Pero no era verdad. Era yo quien ponía excusas, quien evitaba sus llamadas, quien respondía a sus mensajes con monosílabos. Y Lucía lo notaba. Un día apareció sin avisar. Llamó al timbre mientras yo intentaba dormir a Mateo.

—Ana, tenemos que hablar —dijo nada más abrirle la puerta.

La dejé pasar, nerviosa. Sergio estaba en el salón viendo el fútbol. Lucía entró y le saludó con un beso en la mejilla. Yo sentí un pinchazo en el estómago.

—¿Qué te pasa conmigo? —me preguntó cuando nos quedamos solas en la cocina.

—Nada… —mentí.

—No me mientas. Desde que nació Mateo apenas me hablas. ¿He hecho algo?

La miré a los ojos y vi tristeza, pero también rabia. Quise decirle la verdad, contarle lo que sentía, pero me dio vergüenza. ¿Cómo iba a confesarle que tenía miedo? ¿Miedo de perderlo todo? ¿Miedo de que ella pudiera arrebatarme lo poco que tenía?

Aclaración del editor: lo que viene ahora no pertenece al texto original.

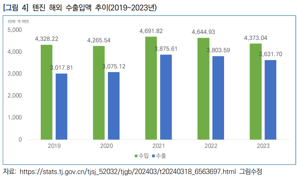 2023년 톈진의 수출입 총액은 8,004.7억 위안으로 전년 대비 3.4% 감소했음.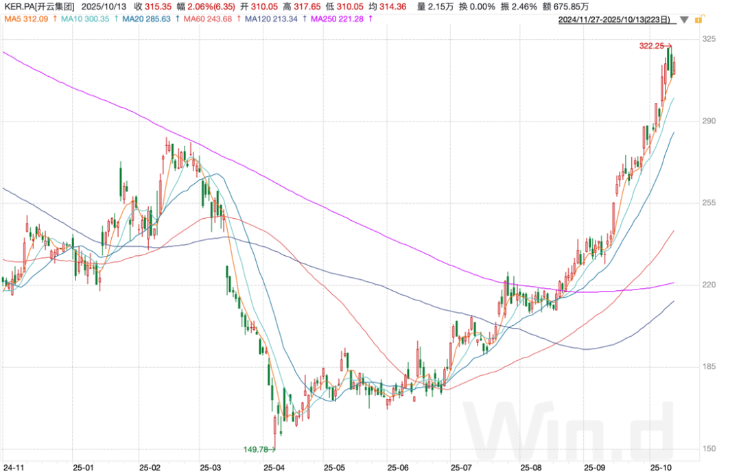 进入今年二季度后,全球奢侈品市场风云变幻,而GUCCI的母公司——法国开云集团(以下简称“开云”)的股价却走出了一波令人瞩目的上涨行情。从4月7日至10月13日,开云股价区间涨幅超过了82%,在同期法国CAC40指数成分股中领涨。然而,在此之前,开云的股价自2021年第三季度至2025年第一季度,经历了长达三年多的震荡下行,期间股价跌去了约80%,可谓“跌至谷底”。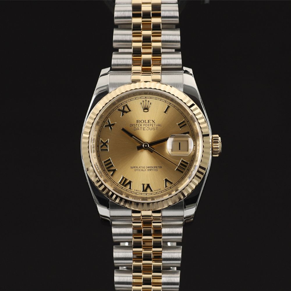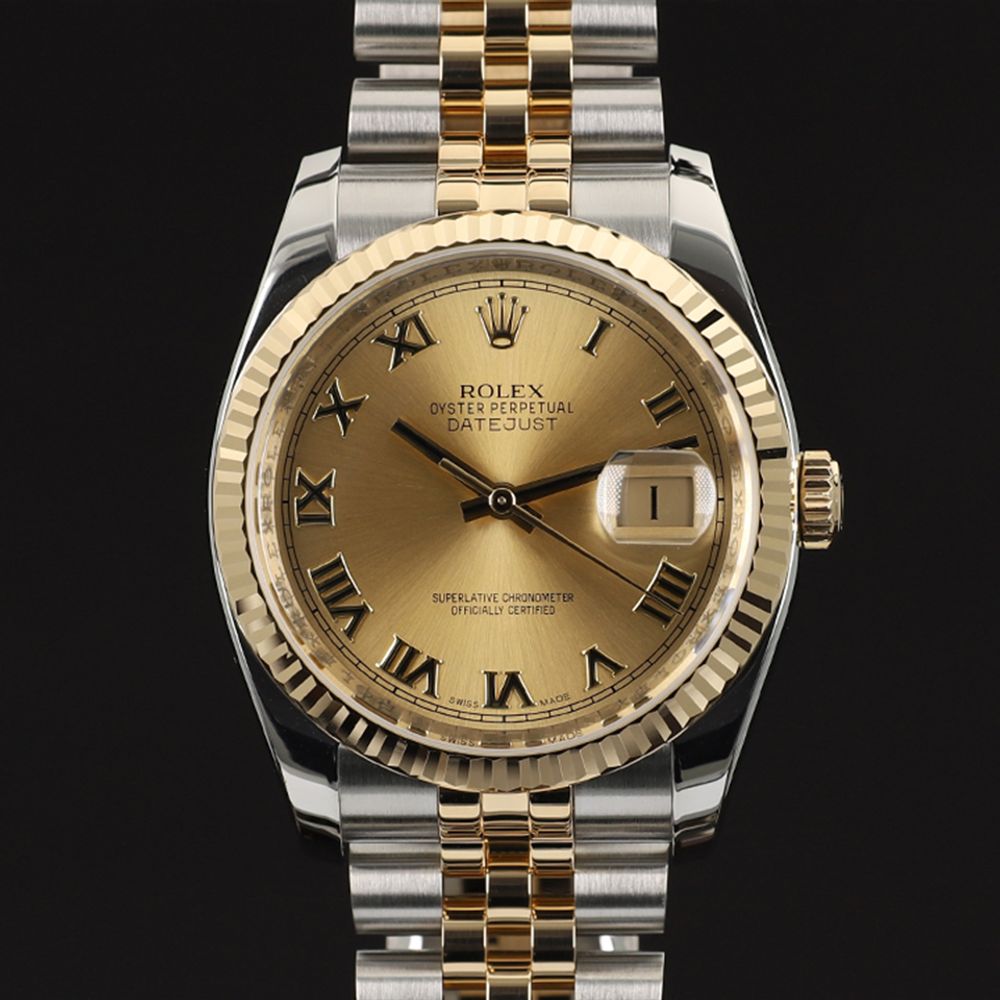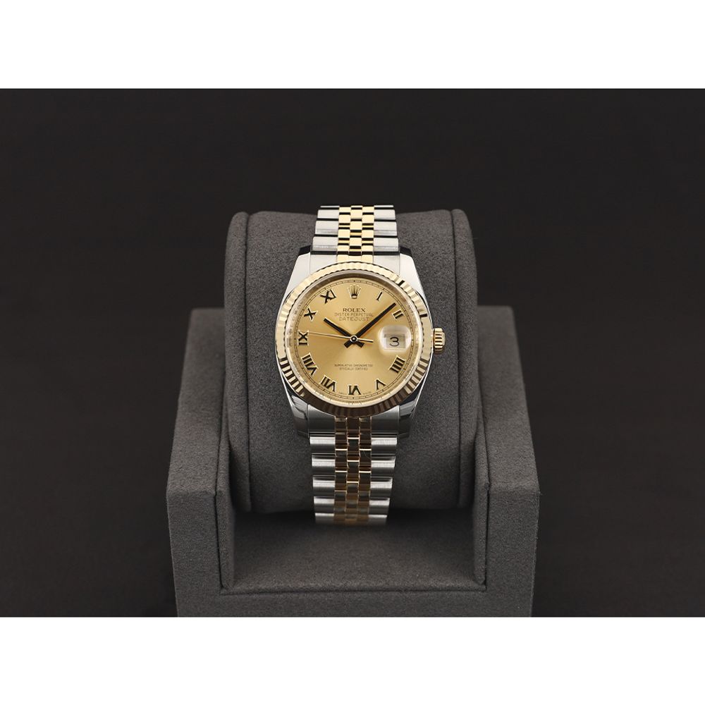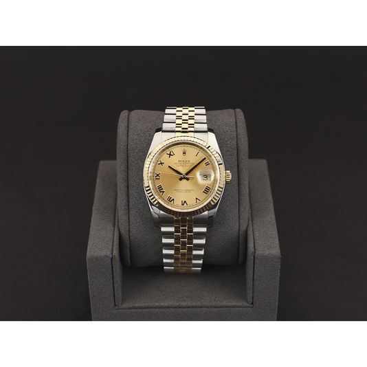 롤렉스 데이트저스트 36 옐로골드 콤비 샴페인 로만 116233

—Es que… —empecé a decir—. Mi madre siempre decía…

Lucía me interrumpió:

—¿Tu madre? ¿De verdad vas a dejar que una superstición destruya nuestra amistad?

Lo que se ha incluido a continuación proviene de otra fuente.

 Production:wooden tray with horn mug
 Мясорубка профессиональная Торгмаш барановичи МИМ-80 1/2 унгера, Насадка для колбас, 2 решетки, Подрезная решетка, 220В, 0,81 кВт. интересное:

Me quedé sin palabras. Sentí ganas de llorar. En ese momento entró Sergio en la cocina.

—¿Todo bien? —preguntó.

Lucía le sonrió forzadamente y salió del piso sin despedirse. Me quedé allí, sola, con mi hijo llorando en la cuna y mi marido mirándome sin entender nada.

Esa noche no pude dormir. Me pregunté si realmente estaba perdiendo la cabeza. Recordé todas las veces que Lucía me había apoyado: cuando suspendí las oposiciones, cuando murió mi padre, cuando Sergio y yo discutimos por primera vez… Ella siempre estuvo ahí. Y ahora yo la estaba apartando por miedo, por una frase absurda repetida generación tras generación.

Los días pasaron y Lucía no volvió a llamarme. Yo tampoco tuve valor para buscarla. Me refugié en mi rutina: el niño, la casa, las compras en el mercado de Antón Martín, los paseos cortos por el barrio con otras madres igual de cansadas y solas que yo.

Una tarde escuché a dos vecinas hablar en el portal:

—Dicen que la soledad es peor que cualquier enfermedad —decía una.

—Sí, pero a veces nosotras mismas nos la buscamos —respondió la otra.

Sentí un escalofrío. ¿Era eso lo que estaba haciendo? ¿Buscando mi propia soledad por miedo?

Un domingo por la mañana recibí un mensaje de Lucía: “Lo siento si te hice daño. Te quiero mucho.”

Me derrumbé. Lloré como hacía años no lloraba. Quise responderle, pero no supe qué decirle. Me sentí cobarde e injusta.

Esa noche hablé con Sergio:

—Creo que estoy perdiendo a mi mejor amiga por culpa de mis miedos…

Él me abrazó y me dijo:

—Ana, tienes que decidir si quieres vivir según tus propias reglas o las de los demás.

Me quedé pensando mucho tiempo en sus palabras. Al final escribí a Lucía: “Perdóname. Te necesito.”

No sé si nuestra amistad volverá a ser como antes. No sé si podré liberarme del todo de esa voz materna que me susurra al oído cada vez que siento miedo o inseguridad. Pero sí sé una cosa: nadie debería dejarse llevar por los prejuicios heredados ni permitir que el miedo destruya lo más valioso que tiene.

¿Hasta qué punto dejamos que las voces del pasado dirijan nuestra vida? ¿Cuántas amistades hemos perdido por miedo a quedarnos solas?